- Exercise input

☆ ☆ ☆ ☆ ☆ ☆ ☆

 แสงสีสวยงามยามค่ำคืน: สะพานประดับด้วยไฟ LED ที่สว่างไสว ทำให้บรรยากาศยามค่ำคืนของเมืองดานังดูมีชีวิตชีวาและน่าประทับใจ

☆ ☆ ☆ ☆ ☆ ☆ ☆

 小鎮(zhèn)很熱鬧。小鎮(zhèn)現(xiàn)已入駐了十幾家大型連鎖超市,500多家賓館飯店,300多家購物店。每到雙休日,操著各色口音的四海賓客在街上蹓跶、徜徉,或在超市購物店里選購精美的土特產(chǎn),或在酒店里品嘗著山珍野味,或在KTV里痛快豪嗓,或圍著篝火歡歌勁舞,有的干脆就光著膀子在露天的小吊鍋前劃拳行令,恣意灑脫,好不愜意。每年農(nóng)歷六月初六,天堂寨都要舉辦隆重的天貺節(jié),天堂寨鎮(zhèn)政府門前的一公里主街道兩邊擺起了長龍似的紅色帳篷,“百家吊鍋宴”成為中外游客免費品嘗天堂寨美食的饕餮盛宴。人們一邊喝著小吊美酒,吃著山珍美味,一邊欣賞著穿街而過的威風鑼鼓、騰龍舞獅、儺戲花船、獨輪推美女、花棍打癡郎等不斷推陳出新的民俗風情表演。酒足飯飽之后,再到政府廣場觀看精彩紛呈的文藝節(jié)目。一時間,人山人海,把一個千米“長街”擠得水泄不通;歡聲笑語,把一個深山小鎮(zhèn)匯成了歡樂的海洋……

☆ ☆ ☆ ☆ ☆ ☆ ☆

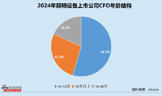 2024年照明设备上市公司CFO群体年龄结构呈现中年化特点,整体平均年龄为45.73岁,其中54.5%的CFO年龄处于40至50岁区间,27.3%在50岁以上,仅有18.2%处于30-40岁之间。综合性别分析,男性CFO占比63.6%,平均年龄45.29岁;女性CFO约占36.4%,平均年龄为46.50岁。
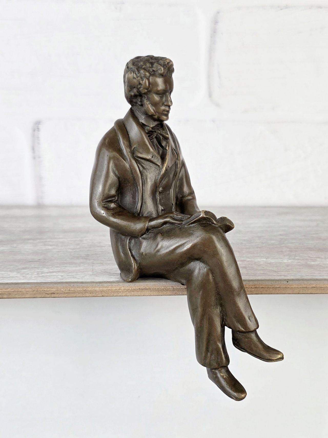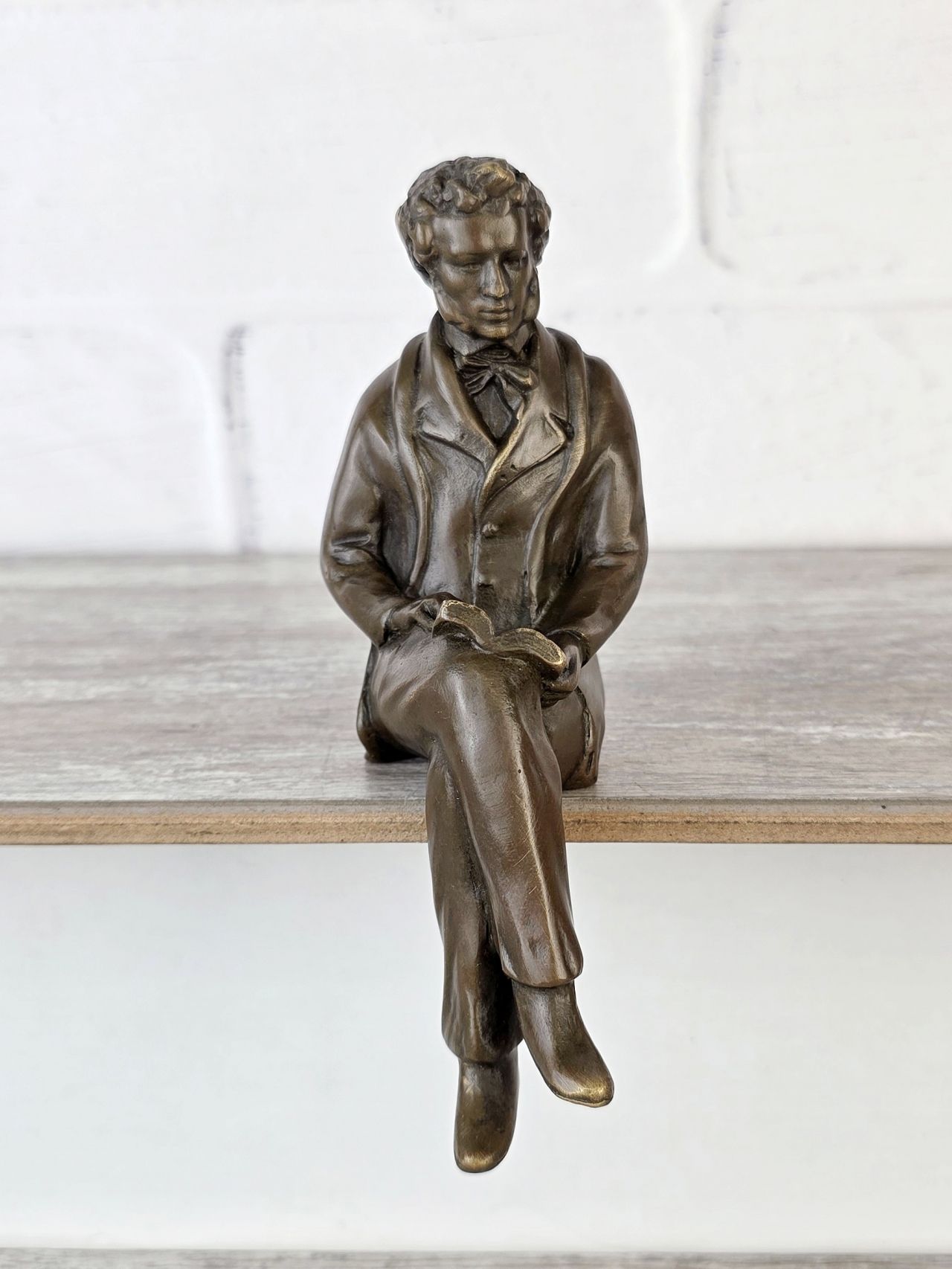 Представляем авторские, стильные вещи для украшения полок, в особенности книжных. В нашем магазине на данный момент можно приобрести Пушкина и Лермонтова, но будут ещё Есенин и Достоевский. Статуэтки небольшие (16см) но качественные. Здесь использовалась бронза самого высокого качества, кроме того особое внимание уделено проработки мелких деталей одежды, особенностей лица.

☆ ☆ ☆ ☆ ☆ ☆ ☆

- Activity
Your answer should be the lines above, word for word, from the line with "2024年照明设备上市公司C" through the line with "Представляем авторские, стильные", minus the pictures.

- Answer to this task
 2024年照明设备上市公司CFO群体年龄结构呈现中年化特点,整体平均年龄为45.73岁,其中54.5%的CFO年龄处于40至50岁区间,27.3%在50岁以上,仅有18.2%处于30-40岁之间。综合性别分析,男性CFO占比63.6%,平均年龄45.29岁;女性CFO约占36.4%,平均年龄为46.50岁。
 Представляем авторские, стильные вещи для украшения полок, в особенности книжных. В нашем магазине на данный момент можно приобрести Пушкина и Лермонтова, но будут ещё Есенин и Достоевский. Статуэтки небольшие (16см) но качественные. Здесь использовалась бронза самого высокого качества, кроме того особое внимание уделено проработки мелких деталей одежды, особенностей лица.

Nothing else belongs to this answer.